**Task material**
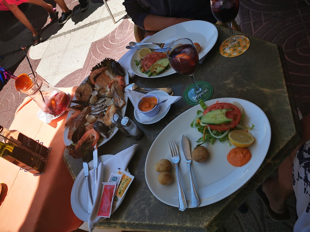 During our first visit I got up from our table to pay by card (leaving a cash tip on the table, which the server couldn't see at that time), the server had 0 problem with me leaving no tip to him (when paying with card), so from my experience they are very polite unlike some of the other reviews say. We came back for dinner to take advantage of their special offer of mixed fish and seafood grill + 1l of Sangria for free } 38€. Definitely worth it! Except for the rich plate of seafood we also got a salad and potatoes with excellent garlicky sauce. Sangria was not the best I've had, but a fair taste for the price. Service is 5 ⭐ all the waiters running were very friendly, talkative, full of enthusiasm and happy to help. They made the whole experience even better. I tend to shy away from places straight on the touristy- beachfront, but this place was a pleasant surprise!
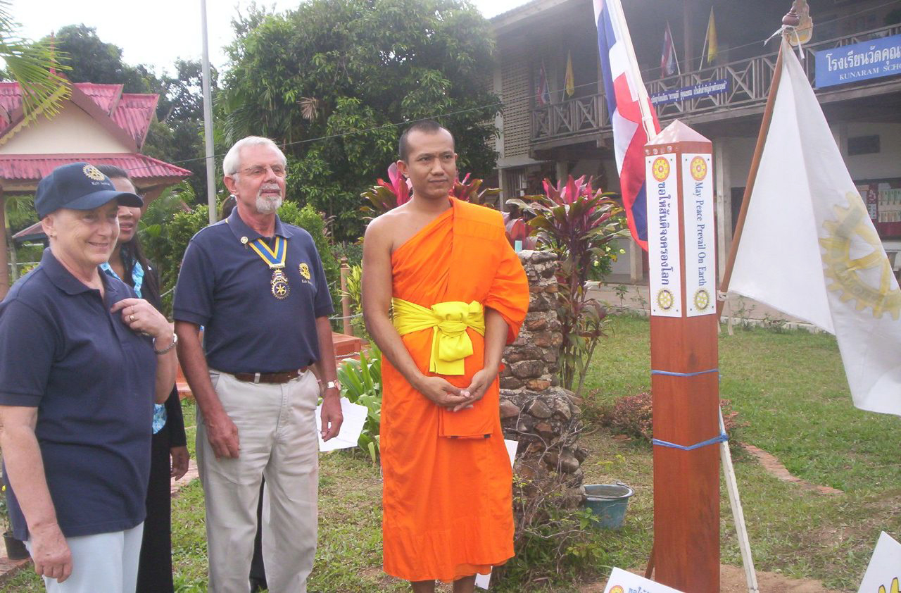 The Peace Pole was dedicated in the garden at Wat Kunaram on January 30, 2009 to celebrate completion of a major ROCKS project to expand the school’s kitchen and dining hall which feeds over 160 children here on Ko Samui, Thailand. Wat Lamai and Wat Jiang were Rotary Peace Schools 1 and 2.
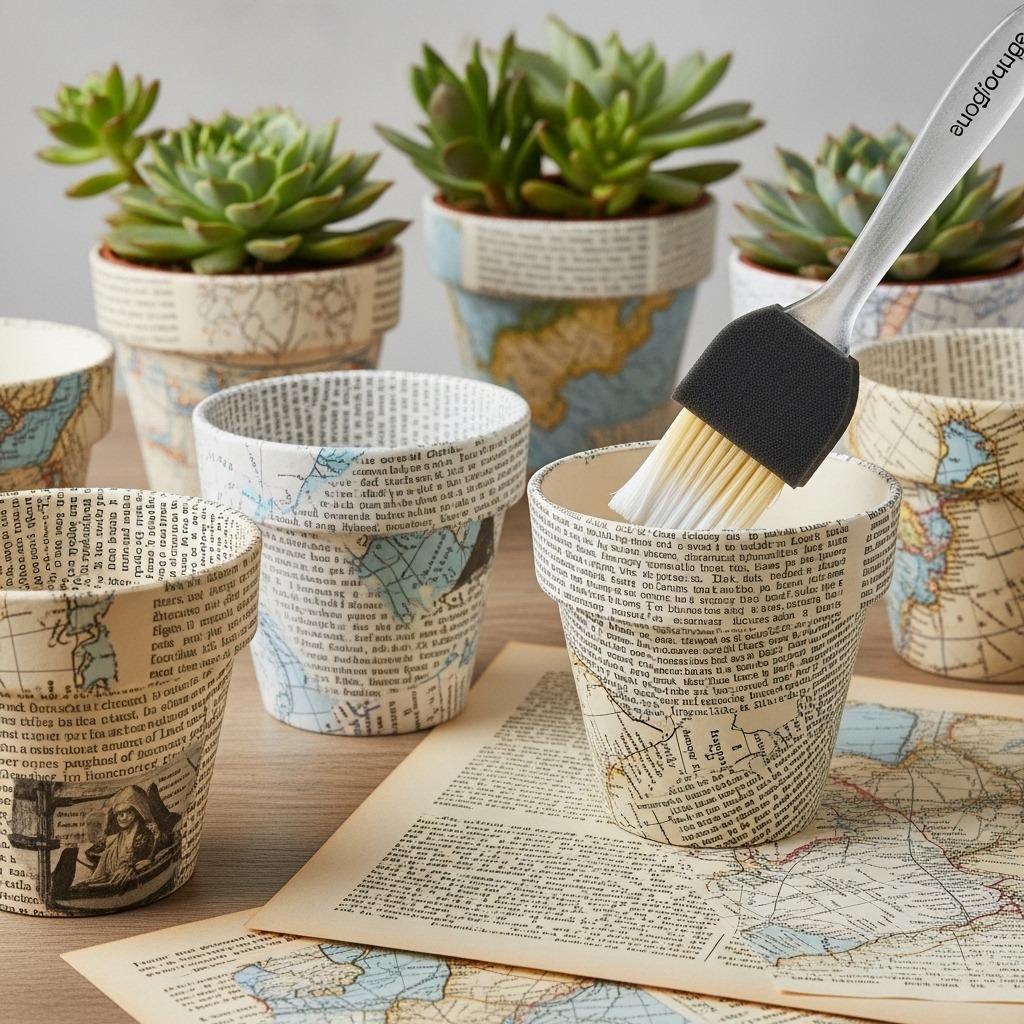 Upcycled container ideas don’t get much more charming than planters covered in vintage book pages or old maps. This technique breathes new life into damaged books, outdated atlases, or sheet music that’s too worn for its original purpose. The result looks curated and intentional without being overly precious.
* * *
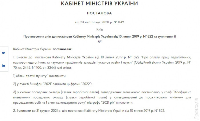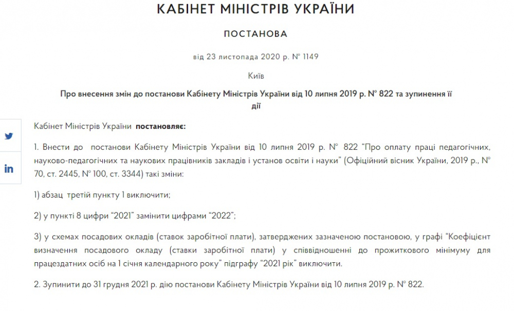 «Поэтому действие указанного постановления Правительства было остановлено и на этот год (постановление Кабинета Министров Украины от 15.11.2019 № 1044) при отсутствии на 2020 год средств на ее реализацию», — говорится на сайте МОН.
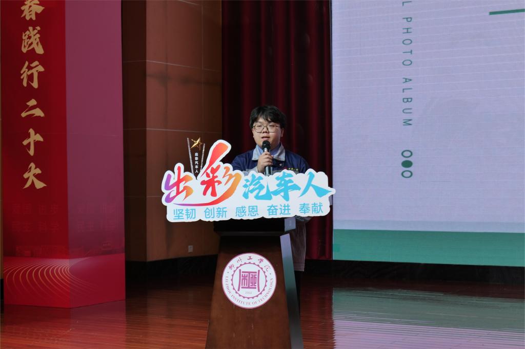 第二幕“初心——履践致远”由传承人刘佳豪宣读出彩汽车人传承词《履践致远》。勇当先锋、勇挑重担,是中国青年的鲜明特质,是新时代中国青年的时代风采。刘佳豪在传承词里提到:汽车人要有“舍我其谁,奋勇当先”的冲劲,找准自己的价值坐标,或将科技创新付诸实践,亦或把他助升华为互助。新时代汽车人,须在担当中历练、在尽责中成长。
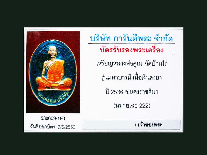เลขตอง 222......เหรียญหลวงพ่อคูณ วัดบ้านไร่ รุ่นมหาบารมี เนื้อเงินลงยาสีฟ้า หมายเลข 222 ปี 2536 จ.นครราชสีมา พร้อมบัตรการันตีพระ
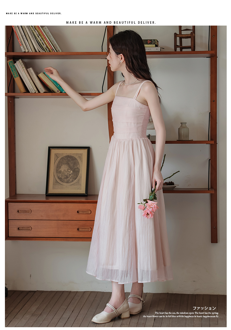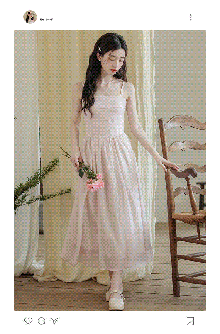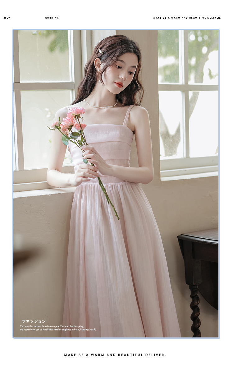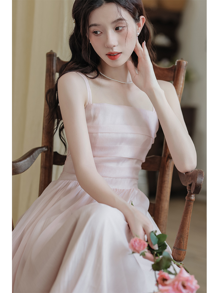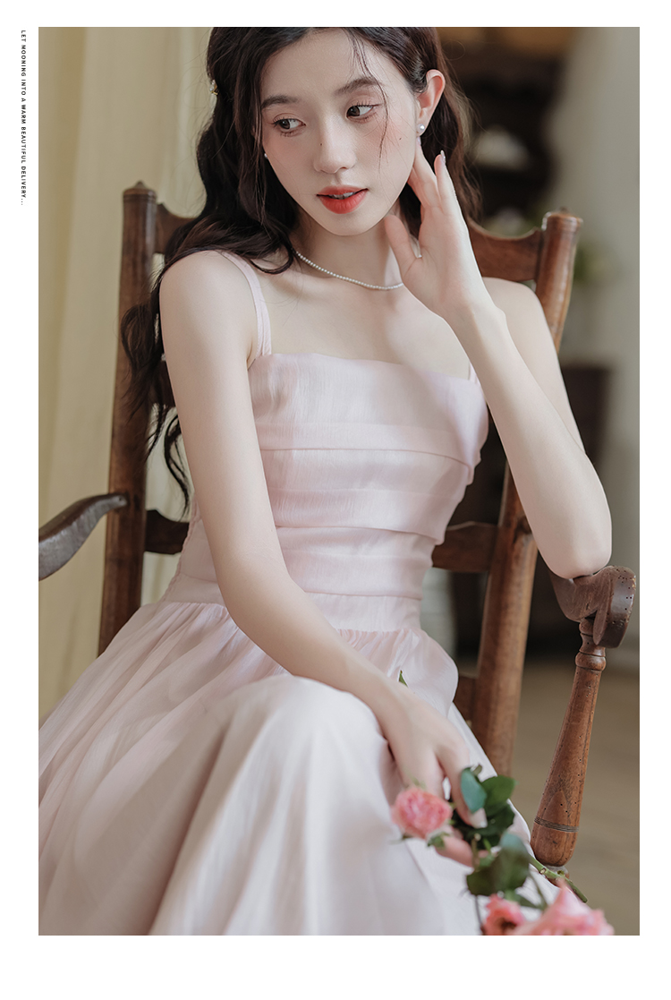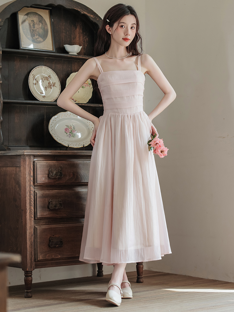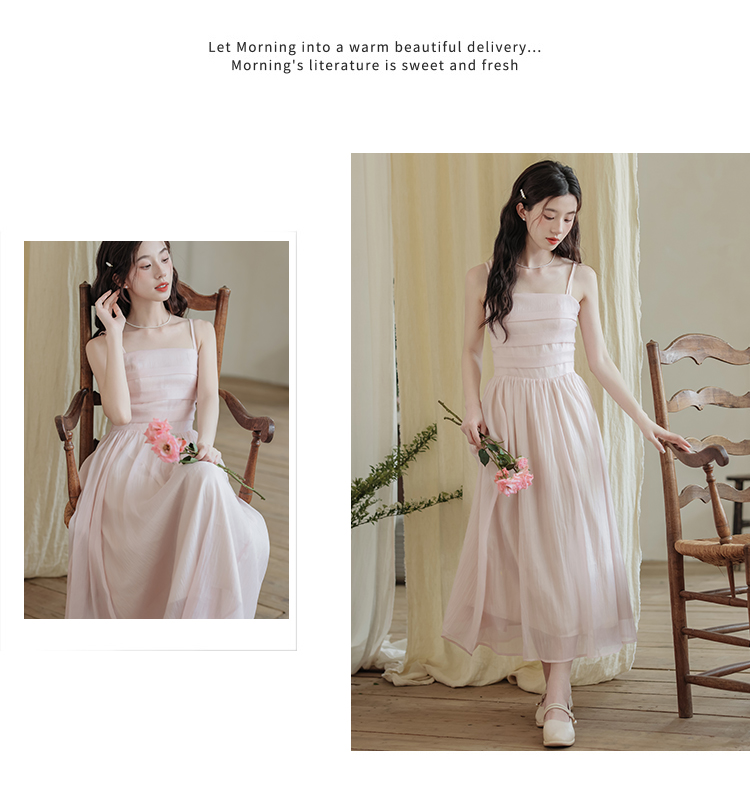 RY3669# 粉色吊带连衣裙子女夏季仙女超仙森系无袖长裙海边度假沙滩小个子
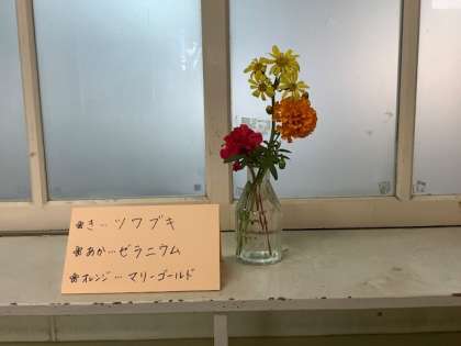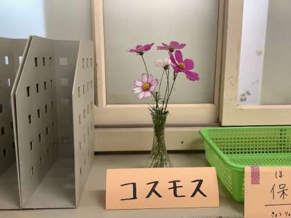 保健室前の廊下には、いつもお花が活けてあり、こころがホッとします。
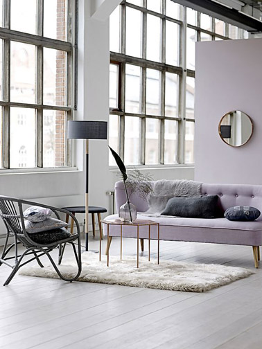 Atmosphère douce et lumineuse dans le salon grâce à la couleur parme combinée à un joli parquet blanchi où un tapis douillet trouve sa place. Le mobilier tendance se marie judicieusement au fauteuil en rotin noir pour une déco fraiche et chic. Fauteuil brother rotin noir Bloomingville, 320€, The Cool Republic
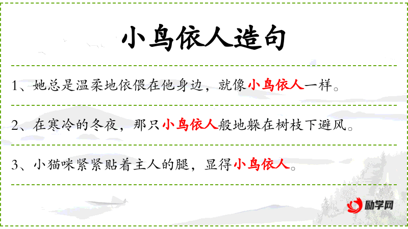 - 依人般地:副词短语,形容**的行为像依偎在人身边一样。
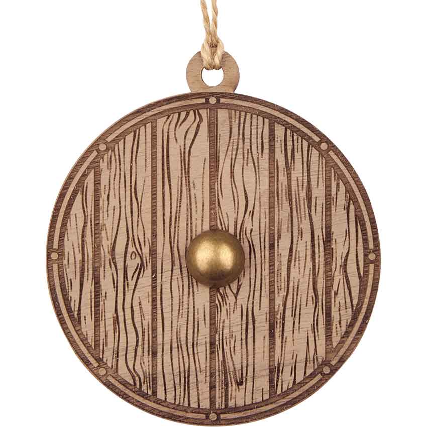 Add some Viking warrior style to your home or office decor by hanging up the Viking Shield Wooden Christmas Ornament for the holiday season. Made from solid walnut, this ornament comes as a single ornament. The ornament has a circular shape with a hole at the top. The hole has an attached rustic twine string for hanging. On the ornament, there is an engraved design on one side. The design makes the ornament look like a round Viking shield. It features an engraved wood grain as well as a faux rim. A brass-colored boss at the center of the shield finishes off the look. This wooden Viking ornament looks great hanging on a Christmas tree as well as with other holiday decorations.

**What to work on**
In the listing above, find the line containing "During our first" and the line containing "Upcycled container ideas"; print those lines and every line between them exactly, leaving out pictures.

**Answer section**
 During our first visit I got up from our table to pay by card (leaving a cash tip on the table, which the server couldn't see at that time), the server had 0 problem with me leaving no tip to him (when paying with card), so from my experience they are very polite unlike some of the other reviews say. We came back for dinner to take advantage of their special offer of mixed fish and seafood grill + 1l of Sangria for free } 38€. Definitely worth it! Except for the rich plate of seafood we also got a salad and potatoes with excellent garlicky sauce. Sangria was not the best I've had, but a fair taste for the price. Service is 5 ⭐ all the waiters running were very friendly, talkative, full of enthusiasm and happy to help. They made the whole experience even better. I tend to shy away from places straight on the touristy- beachfront, but this place was a pleasant surprise!
 The Peace Pole was dedicated in the garden at Wat Kunaram on January 30, 2009 to celebrate completion of a major ROCKS project to expand the school’s kitchen and dining hall which feeds over 160 children here on Ko Samui, Thailand. Wat Lamai and Wat Jiang were Rotary Peace Schools 1 and 2.
 Upcycled container ideas don’t get much more charming than planters covered in vintage book pages or old maps. This technique breathes new life into damaged books, outdated atlases, or sheet music that’s too worn for its original purpose. The result looks curated and intentional without being overly precious.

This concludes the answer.